Brexit-Related Primary Legislation
There have been several Acts to date, but the two most important for legal purposes are the European Union (Withdrawal) Act 2018 and the European Union (Withdrawal Agreement) Act 2020.
European Union (Withdrawl) Act 2018 (EUWA)
The EUWA (as amended by the WAA) includes provisions that:
- Repealed the European Communities Act 1972 (ECA 1972) on 'exit day'. The ECA 1972 enabled EU law to become part of UK law, and gave effect to the principles of direct effect and the supremacy of EU law.
- On exit day, saved the effect of most of the ECA 1972 (in modified form), and saved and modified EU-derived domestic legislation for the duration of the transition period.
- Create a new body of retained EU law at the end of the transition period – this is a snapshot of the EU law that applied in the UK as at 31 December 2020, which becomes part of the UK's domestic legal framework going forward.
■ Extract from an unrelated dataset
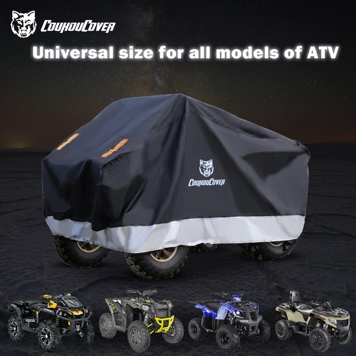 Q: What size ATV does the CoukouCover ATV Cover fit?A: The CoukouCover ATV Cover is designed to fit most 4-wheel ATVs up to 86 inches in length, making it suitable for models from brands like Honda, Kawasaki, Yamaha, Polaris, and Suzuki.

This means that the UK can start to amend this body of law as it sees fit, so UK law may start to diverge from EU law.
- Confer various powers on the government to make secondary legislation, including the correcting power in section 8 to make regulations to deal with deficiencies in retained EU law arising from the UK's withdrawal from the EU.
- Provide for the general implementation, through automatic incorporation into UK law, of the UK-EU withdrawal agreement and the UK's agreements with Switzerland and the EEA EFTA states; and enable rights and obligations arising under the withdrawal agreement, and EU law applied to the UK by the withdrawal agreement, to have supremacy over any inconsistent UK law.
- Address the use of CJEU rulings by UK courts when interpreting retained EU law, subject to the terms of the withdrawal agreement (section 6).